As scholarly data increases rapidly, scholarly digital libraries, supplying tremendous scholarly data through convenient online interfaces, become more popular and important tools for researchers. However, because of the limitation of naming convention widely practiced in academic fields, a large number of scholarly publications often suffer with the problem of correctly identifying authors with common names. Especially, the naming conventions such as abbreviating first and middle names make it even harder to identify and distinguish authors with the same representation (i.e. spelling) of names.
Several disambiguation methods have been suggested to tackle the problem but most of them require less practical inputs such as number of same-named authors, training set, or rich information about papers. Base on assumption that coauthors are likely to write more than one paper together, we propose an autonomous approach to group papers from the same author using the most common information, author lists.

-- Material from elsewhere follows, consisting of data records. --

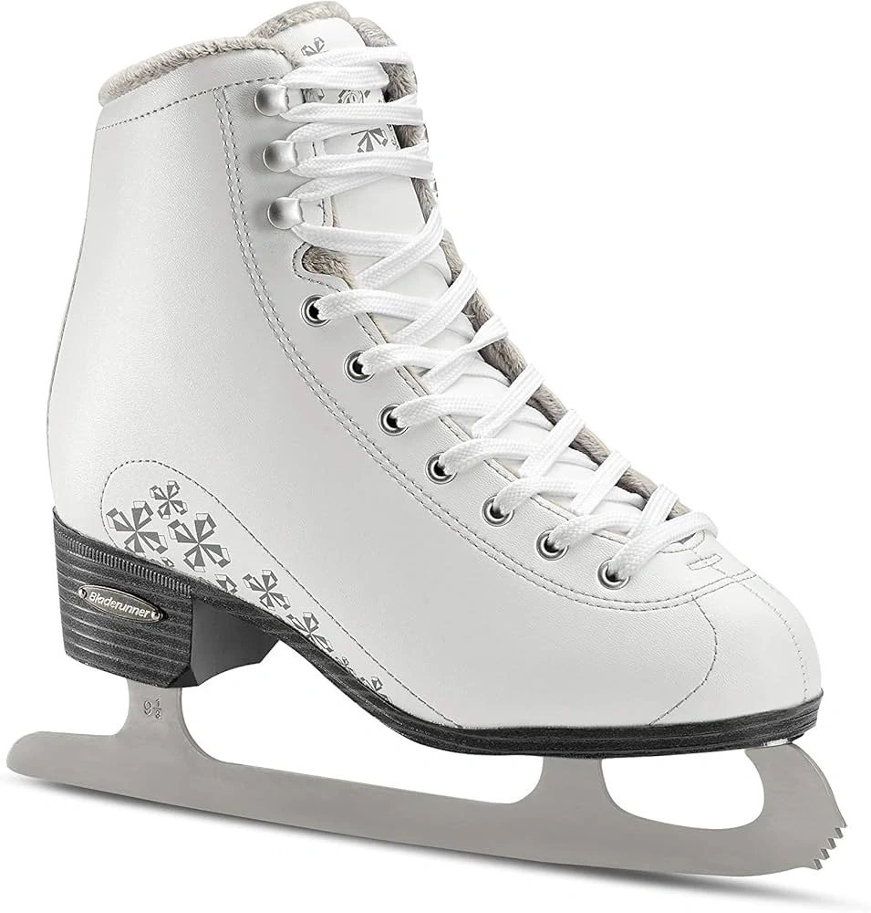 White women's ice skates with a supportive boot and comfortable lining. Features a patterned design on the side and durable blades. Perfect for recreational skating!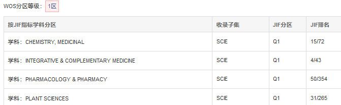 根據(jù)JCR分區(qū),與其他領域的期刊相比,該期刊在全科醫(yī)學與補充醫(yī)學領域的63本期刊中排名第17,屬于Q2區(qū);在藥學領域的30本期刊中排名第4,屬于Q1區(qū);在植物科學領域的279本期刊中排名第71,屬于Q2區(qū);在藥物化學領域的239本期刊中排名第31,屬于Q1區(qū)。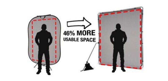 キットには持ち運び用の丈夫なキャリングケースが付属しており、ロケなどの撮影場所が変わる場合でも手軽に携帯することができます。省スペースでの使用が可能なため小規模なスチル撮影や動画配信用の背景としても最適です。カバーを交換するだけで背景の色を容易に変更することができます。方形デザインのため、楕円形の背景(2.1mX1.5m)と比べて有効面積が約46%広くなっています。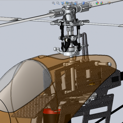 250级遥控直升机3D模型 Solidworks 源文件提供。 电动直升机主要设备包括,3个斜盘舵机,1个标准油门舵机,1个锁尾陀螺仪和1个锁尾舵机,主电机,供高能电池,电子调速器,2合1降压器,接收机,发射机。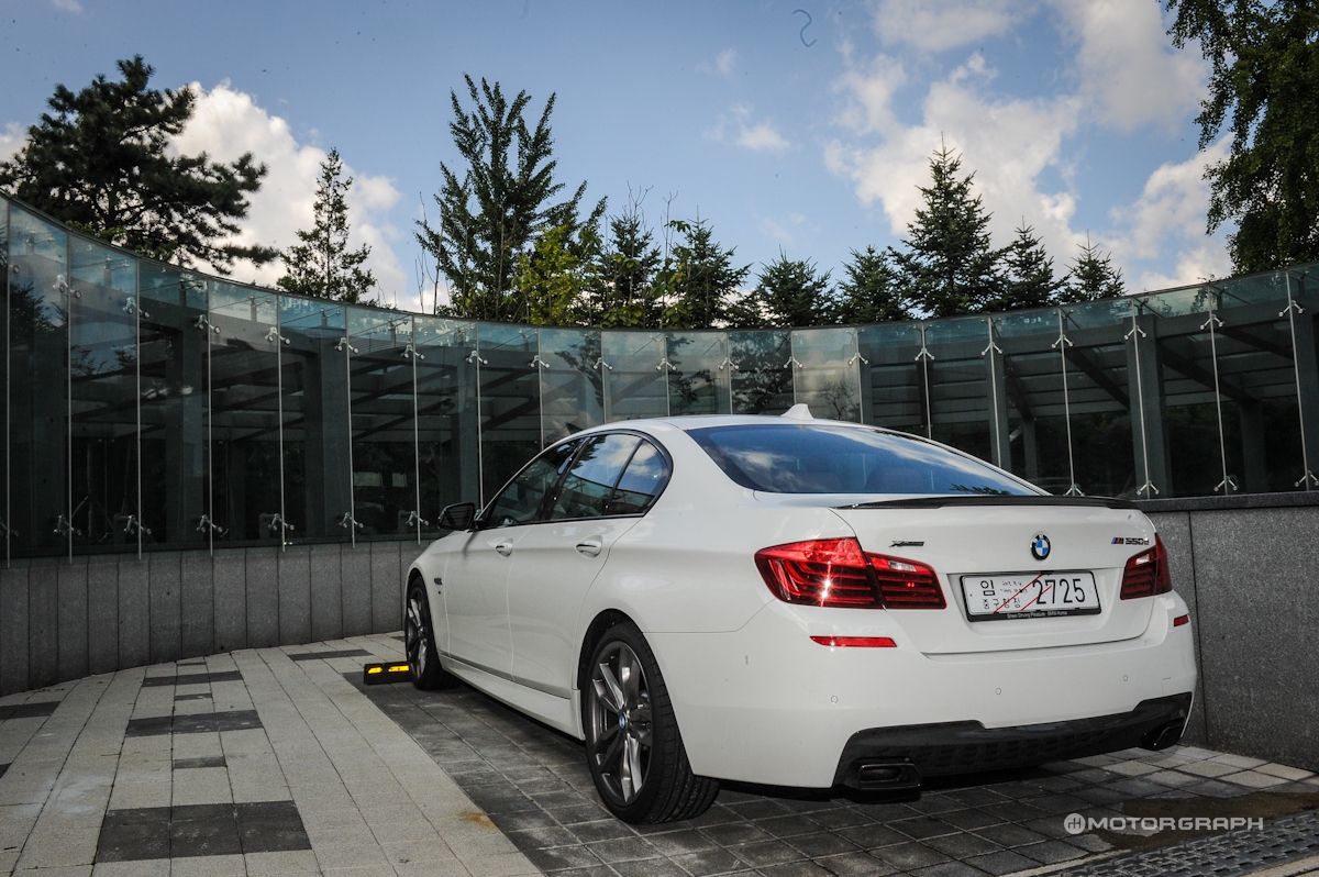 BMW M550d xDrive의 첫느낌이 그리 놀랍지는 않았다. 스포츠세단이라기는 차체가 너무 큰 느낌이고, 서스펜션도 부드러웠다. M5에 비해 전혀 부족할 것이 없다는 해외 자동차 전문매체의 평가와 535d에서 느꼈던 폭발력 그 이상을 기대했기 때문에 처음엔 다소 밋밋하다는 느낌이었다. 차량 통행이 많은 월요일 아침 출근길이라 이 차를 마치 520d처럼 운전한 탓이 가장 클 것이다.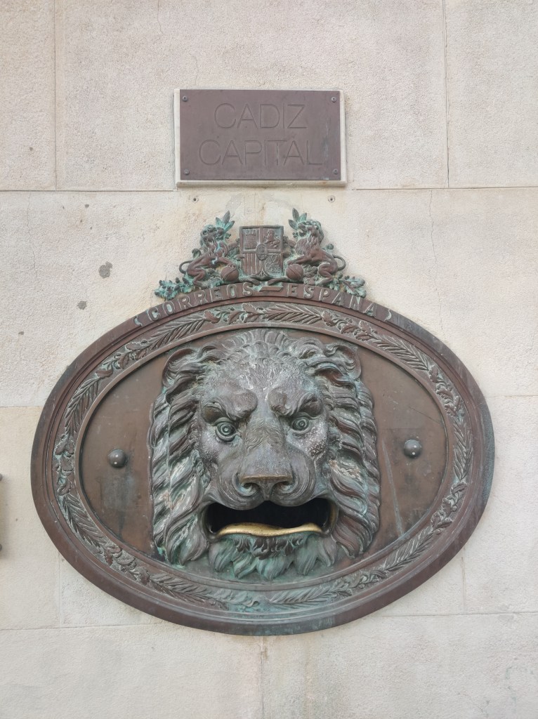 Above are scenes from our rest day in Cadiz. I’m testing the ‘gallery’ feature, but on my draft view, all these photos look truncated. I may need to revert to the one at a time upload procedure. We were a week too early for the sailing, but the city was plenty lively with the ‘South’ festival in progress (the skulls are part of the festival). The lion is the mail slot on the post office, and the street scene is taken from our room – on the much quieter Sunday evening.

We employ various techniques to achieve the goal. First, we represent the input set of papers as a data matrix and reduce dimension of the matrix to find groups of coauthors who appear frequently together. Second, we devise relative correlation distance measure suitable to the reduced space and apply it to density-based clustering which are used to cluster papers showing similar coauthors. Finally, we adopt a concept of summarization to represent cluster of papers as a single vector.
We evaluate our method using publication records about 11 ambiguous names, and show that our approach results better disambiguation while keeping high purity of clusters compared to other four density-based clustering methods.